(this post was written in those days when everyone tried to develop his own library for deep learning or machine learning, kept for history)
So, you decided to write a brand new machine learning library. This one will be so much better than everything you have seen before. It will be fast, easy-to-use, even-easier-to-extend, flexible, with support of multi-core computations and many more.
There are traditions which most of developers of ML libraries are trying to follow, so I decided to collect those together.
Most of the experience written below came from developing yandex/REP and browsing code/experimenting with different classifiers.
Treat this as a “collection of awful advices”.
Your library is the start and the end point in user’s research. That’s the key point in doing everything bad. There is nothing else user should pay attention to. Following points are a consequence of this simple rule.
Never care about whether other libraries exist. Why actually you shall worry that there are other libraries of machine learning and how many of them are already on the github? Definitely, the one written by you will be times better. Speed benchmarks? Forget. New algorithms? No, never. Building tests to compare accuracy on public data is also nothing but wasted time.
Invent new interface(s). Users expect the structure and examples of usage to be simple? Bad idea. You have studied OOP, so now you can write complex APIs!
You will introduce a class
Datasetclass. Also you need
SupervisedDatasetclass. And a special class for sampling from supervised datasets.
Probably you’ll never implement one more sampler, such code organization is definitely needed for the sake of OOP.
Introduce your own data format. Any successful library has it’s own format. Currently used formats are not universal. You need a new one. Binary formats (like HDF5, FITS and ROOT) are definitely bad, because you can’t write a parser for those in 10 lines.
There should be something special about your format. Like csv, but with custom separator. Also, you will not add column names there, since algorithm doesn’t require it (additionally, I would recommend not to check number of columns at prediction time, this would allow user to make mistakes that are hard to find).
Don’t use random seed. At least don’t do it in the way users expect. There are various interesting options:
- simply never set seed, so debugging would be almost impossible. If algorithm didn’t converge 10 times in a row, that’s because of a bad luck (or karma).
- set global random seed. Let reproducibility fail during multi-threading
- finally, introduce a special parameter
random_seedand ignore it. Haha!
Write in C++ or CUDA. You heard there are other languages, but everyone knows that ML needs efficient implementations. Anything being written in C++ is the fastest possible.
Don’t use any vector language / tool. Code in C++ is very clear. Also ignore parallel primitives.
Never use BLAS operations. Don’t use numpy, theano, octave or fortran90+, otherwise other developers will be able to understand your code!

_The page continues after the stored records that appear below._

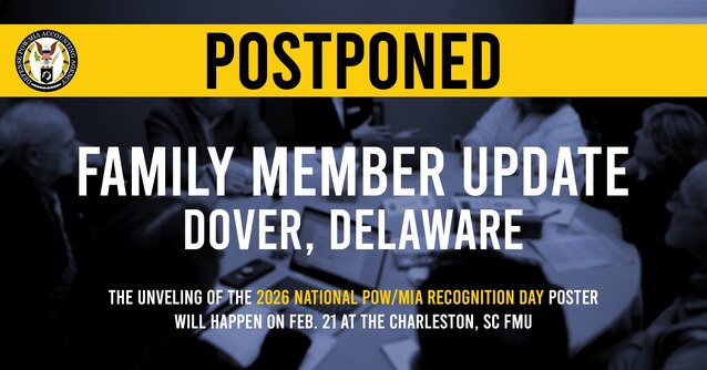Dover Family Member Update has been postponed. The National POW/MIA Recognition Day poster unveiling will be held on February 21, 2026 at the Charleston, SC Family Member Update.
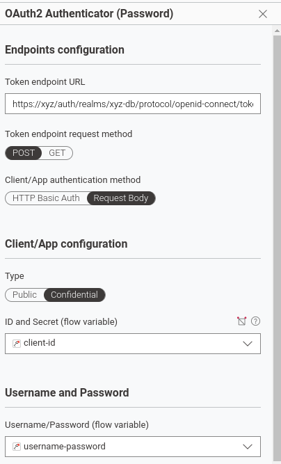 Here you can include a token (directly in the dialog “Token:”, also overridable via flow variable) or better use a Credentials flow variable that contains the JWT from the KeyCloak endpoint.
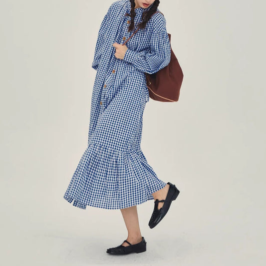 [洋裝] 春秋圓領百褶格紋長袖連身裙
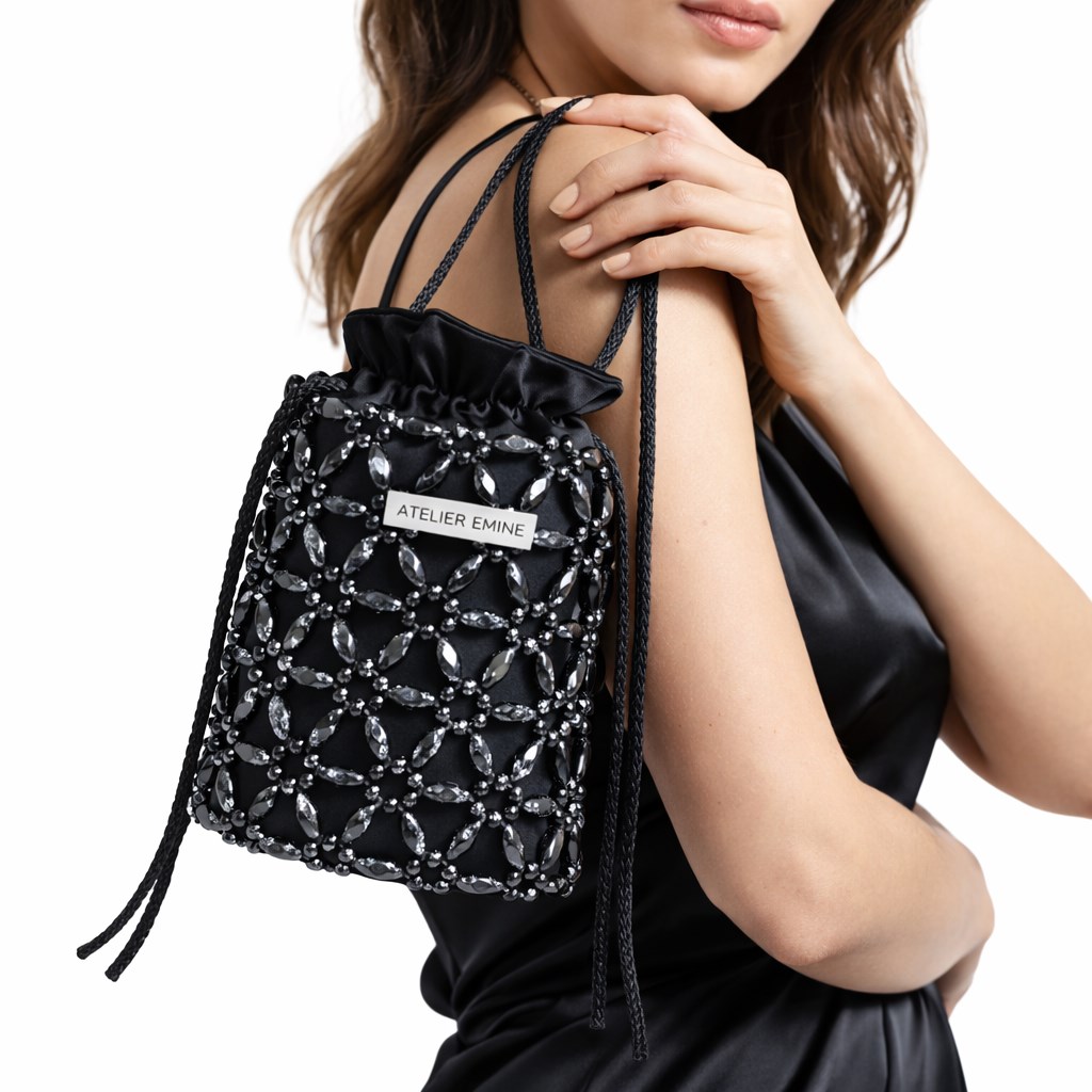 Atelier Emine’in Crystal Gelato Couture serisine ait Sorbetto Rogue, 8 mm optik sınıfı kristal boncukların yüksek dayanımlı misina ile file örgü tekniğinde birleştirilmesiyle tamamen el işçiliğiyle üretilmiş, yumuşak hacimli ancak kontrollü form yapısına sahip premium mini pouch çanta modelidir.

Also remember to create ‘for the purposes of efficiency’ a god-object and put all the data there. While reading your code, side programmer will not be able to get what information is used by each method.
Write lots of logs to the output!. Remember the starting point? There is nothing else user shall care of, only about your library?
Every step of your algorithm shall print some useless information (better if accompanied by ASCII art). Don’t allow your algorithm to be run silently (avoid verbosity parameter, user should not be distracted from your output). It should always return code 0 (whatever happens) ans print errors in stdout (not stderr!).
Never use verbose parameter.
There are definitely very few libraries of neural networks and deep learning! We need more! You’ll write a new and a better one (though start from simple things, of course).
Did I say that you should ignore theano?
SGD is a fresh idea! Adaptive SGD is even better. Online learning is the new mainstream. That’s the way to go. Learning representation? Use SGD! Logistic regression? SGD! Factorization? SGD! Using Rprop? SGD!
Write your own map-reduce system. Optimization of an algorithm is an annoying process. It’s better to use 100 machines and solve the same problem faster, right?
Everyone (just everyone) today has a good cluster. Setting up distributed environment with same collection of libraries is very simple.
Finally, there is always some user who wants ‘distributed’ option (but never will be able to use it for different reasons).
Change an interface (API) all the time.
Drop the support as soon as someone starts using your library.
You’ll find a new area to write your-next-best-open-library.
Ok, I think it’s enough. If I convinced you that there is no need in new libraries, but you still wish to do something useful in ML, there are projects which you can help.
Firstly, those are:
- theano (looks there are ~3-4 active contributors)
- numpy (parallel operations in numpy are very needed there, as well as optimization of existing code)
- scikit-learn (which in some cases lacks multi-threading)
Even minor contribution to those projects is of more help, because lots of software relies on them. Writing wrappers to projects you’re using is also a good idea.
If you still feel that you want to write a new library, spend much time with scikit-learn first. Understand it’s interface, how Bagging/AdaBoost work as meta-estimators. How grid-search for such meta-algorithms is done. Probably, read the sources.
Then start writing. Leave least dependencies and write simple code (using numpy or so). If it is required, you’ll rewrite it to optimize for speed. Make sure your library is installed via package manager (pip for python, most languages today also have their package managers).